*** STORED DATA ***

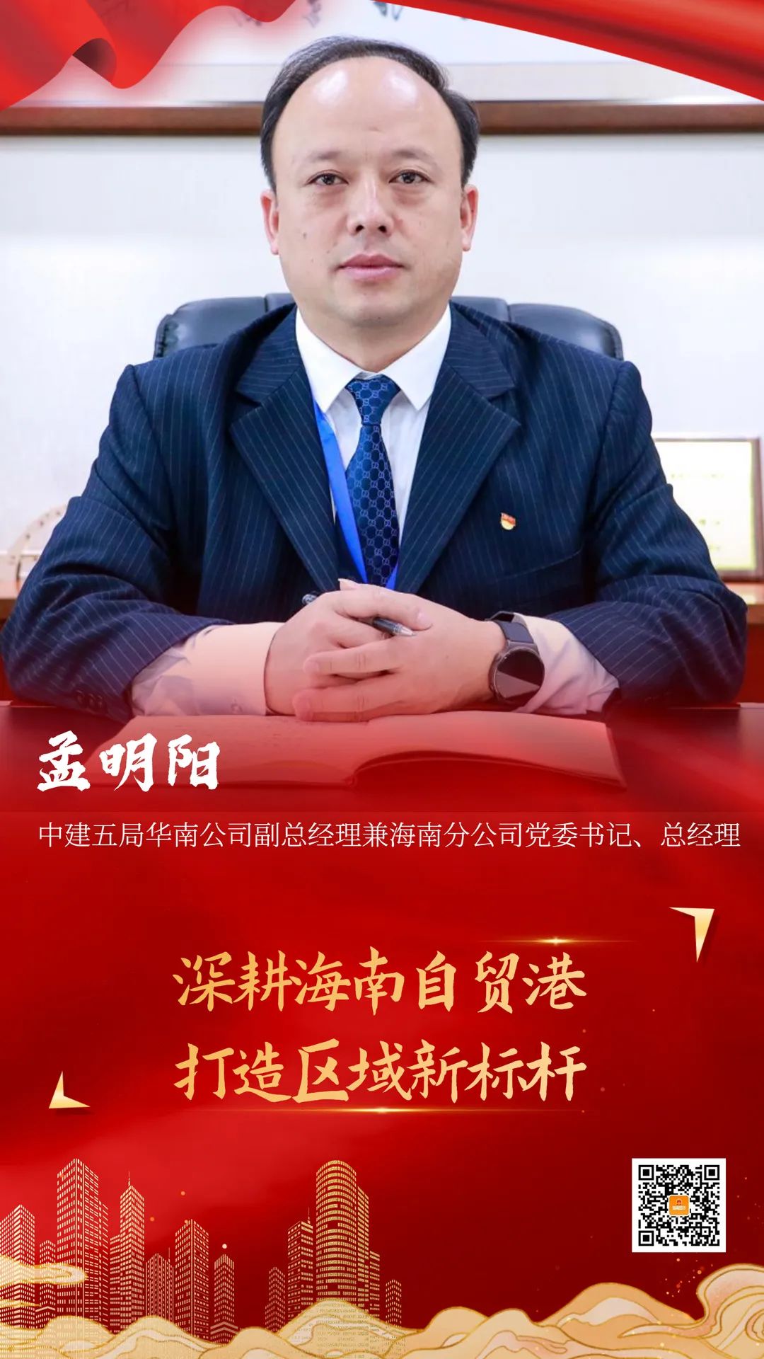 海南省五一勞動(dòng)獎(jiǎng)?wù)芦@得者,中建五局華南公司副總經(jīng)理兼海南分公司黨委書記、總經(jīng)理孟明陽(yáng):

*** End of STORED DATA ***
*** STORED DATA ***

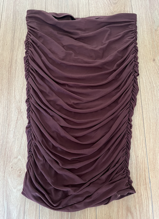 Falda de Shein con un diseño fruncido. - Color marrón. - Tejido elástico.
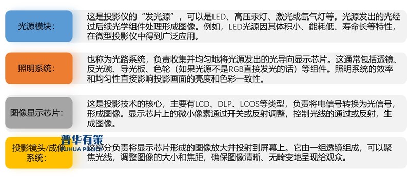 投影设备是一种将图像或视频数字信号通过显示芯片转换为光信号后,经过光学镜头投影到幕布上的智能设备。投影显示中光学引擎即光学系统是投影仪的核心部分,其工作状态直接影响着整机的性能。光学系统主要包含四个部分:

*** End of STORED DATA ***
*** STORED DATA ***

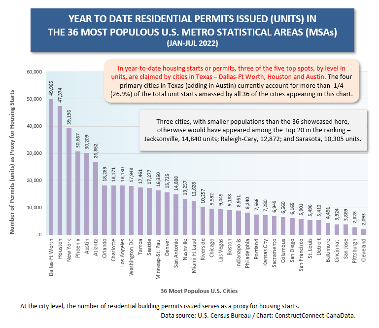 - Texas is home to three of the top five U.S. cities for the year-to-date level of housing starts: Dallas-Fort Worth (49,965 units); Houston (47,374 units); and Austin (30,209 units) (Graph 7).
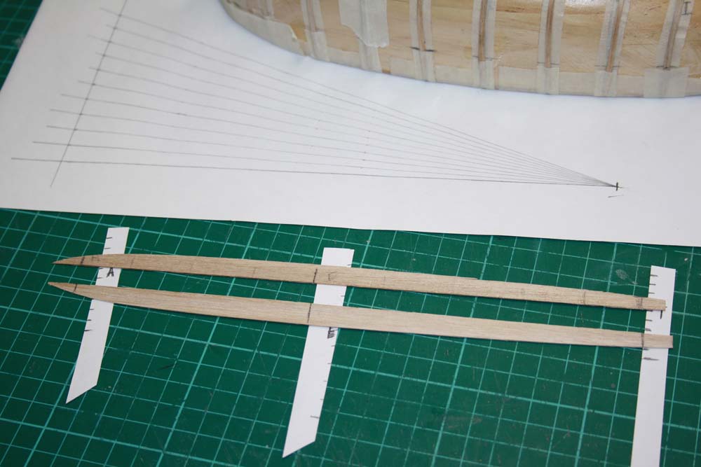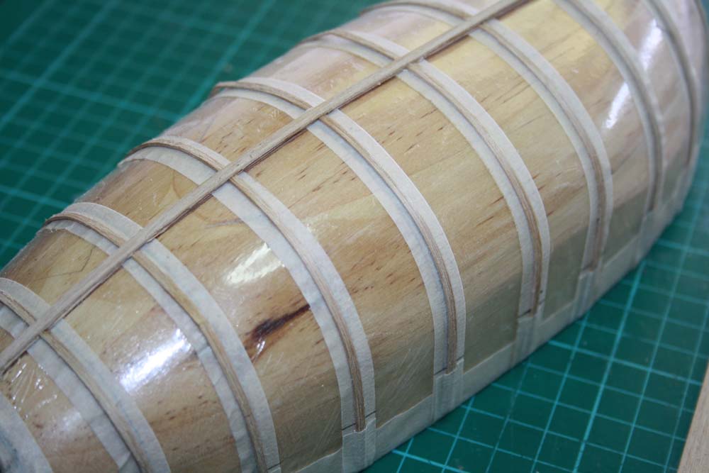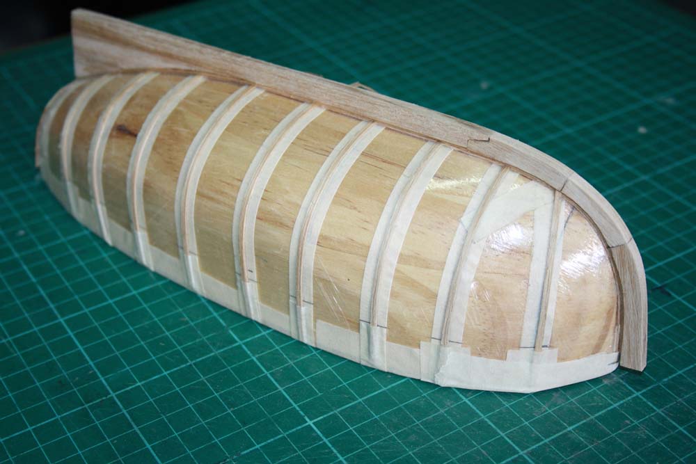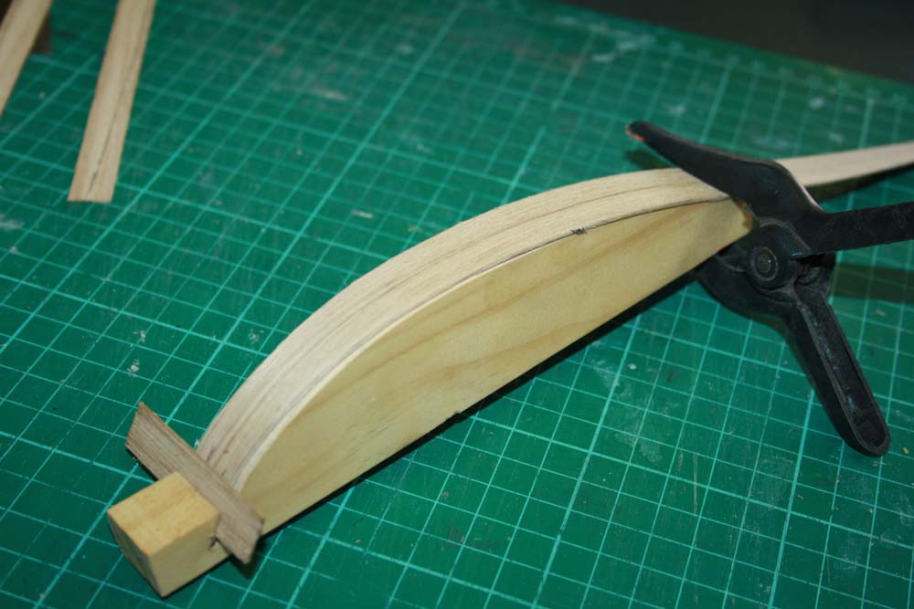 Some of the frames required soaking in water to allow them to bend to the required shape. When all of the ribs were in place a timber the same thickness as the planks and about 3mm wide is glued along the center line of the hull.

*** End of STORED DATA ***

**EXERCISE**
Reproduce the entries exactly, from the line with "Falda de Shein" to the line with "投影设备是一种将图像或视频数", both lines included, keeping no pictures.

**ANSWER TO THE PROBLEM**
 Falda de Shein con un diseño fruncido. - Color marrón. - Tejido elástico.
 投影设备是一种将图像或视频数字信号通过显示芯片转换为光信号后,经过光学镜头投影到幕布上的智能设备。投影显示中光学引擎即光学系统是投影仪的核心部分,其工作状态直接影响着整机的性能。光学系统主要包含四个部分:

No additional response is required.